Diagnosing Down Syndrome

It is a known fact that early detection and screening of Down syndrome can lead to several benefits. You may also prevent several complications by knowing the condition early on, before it can lead to other problems in the body. Diagnosis is done through a variety of ways. Here are the details on how you can stay ahead for immediate treatment.

Expanded AFP Screening

Expanded AFP Screening is a basic blood test, performed between 15 and 20 weeks of pregnancy. The results of the blood test are combined with the age of a woman to measure the personal risk of bearing a fetus with Down syndrome. The blood test also gives information regarding the risk of open neural tube defects, trisomy 18 and abdominal wall defects. There is an 85% rate of detection among women below 35 years old for developing neural tube defects, as well as a 60% risk for both Down syndrome and trisomy 18. The detection risk will be higher among those beyond 35 years old. 
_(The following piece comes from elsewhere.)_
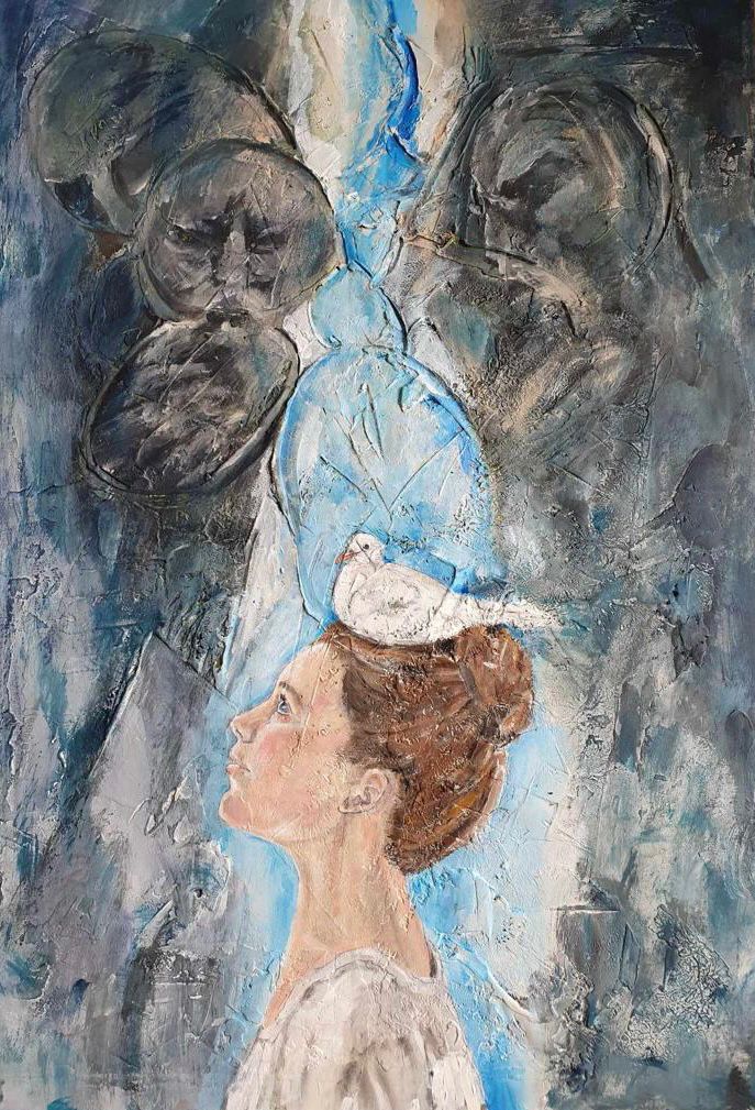 Dit doek is geschilderd met veel relief. Het suggereert een kloof met reuzen aan beide kanten. In Jozua lees je dat de reuzen moesten worden verslagen. De reuzen staan voor angsten, problemen of situaties in ons leven waar we mee moeten dealen. God wil dat de duistere machten die ons bang maken in ons denken moeten verdwijnen. Dat we vrij zijn! In ons denken mag de Heilige Geest met Zijn nieuwe gedachten ons vervullen. Ik schilderde de duif ( symbool van de H.G.) op haar hoofd waar die eigenlijk een soort geinig nestje heeft gebouwd. Dat we mogen weten dat Hij ALTIJD bij ons en ons helpt de reuzen te verslaan.

As a screening test, getting a positive test result means that the person has a bigger risk of developing a genetic abnormality. Birth defects cannot be diagnosed, and the fetus cannot be checked if there are any birth defects present. Women having an abnormal expanded AFP or those who are about to become 35 years old during delivery time can undergo CVS or chorionic villus sample or amniocentesis. The tests can diagnosis disorders in the chromosomes, but not all birth defects, having a high degree of certainty. 

Nuchal Translucency Screening

Nuchal Translucency Screening or NT is a new non-invasive diagnostic test done early during pregnancy to check whether or not women have an increased risk for Down syndrome, as well as other birth defects. Performance of NT screening is from 11 to 14 weeks of pregnancy. It is provided to women of all ages. The screening is also done through a very detailed ultrasound exam of the nuchal area, which is a fold of skin at the back of the fetus's neck. The results are combined with the age of the mother to know if there is an adjusted risk for Down syndrome. The rate of Down syndrome detection is around 80%. The woman may have CVS or amniocentesis for diagnosis, based on the findings. 

Amniocentesis

Amniocentesis is usually done to find chromosomal problems like Down syndrome. The procedure is done to find other diseases like Tay-Sachs disease, sickle cell disease and cystic fibrosis if the fetus is found to be at risk. Amniocentesis procedure for genetic testing is usually done between 15 to 20 weeks of pregnancy. A needle is inserted through the abdomen to take some amniotic fluid via the guidance of ultrasound. 

CVS

CVS or chorionic villus sampling is like amniocentesis which identifies problems with chromosome, like Down syndrome. It is more advantageous than amniocentesis since it is done earlier during pregnancy, at around 10 to 12 weeks. During the procedure, a small piece of tissue is taken from the placenta. Via ultrasound guidance, the tissue is taken via a needle through the abdomen or via a catheter inserted through the cervix. The tissue is cultured. The results will arrive in about 2 weeks. 

Ultrasound

Ultrasound is done to check the status of pregnancy, taking into consideration factors like fetal size, due date and number of gestations. Ultrasound can give information regarding the possible birth abnormalities in a fetus. A comprehensive ultrasound exam may be required before other tests are to be done.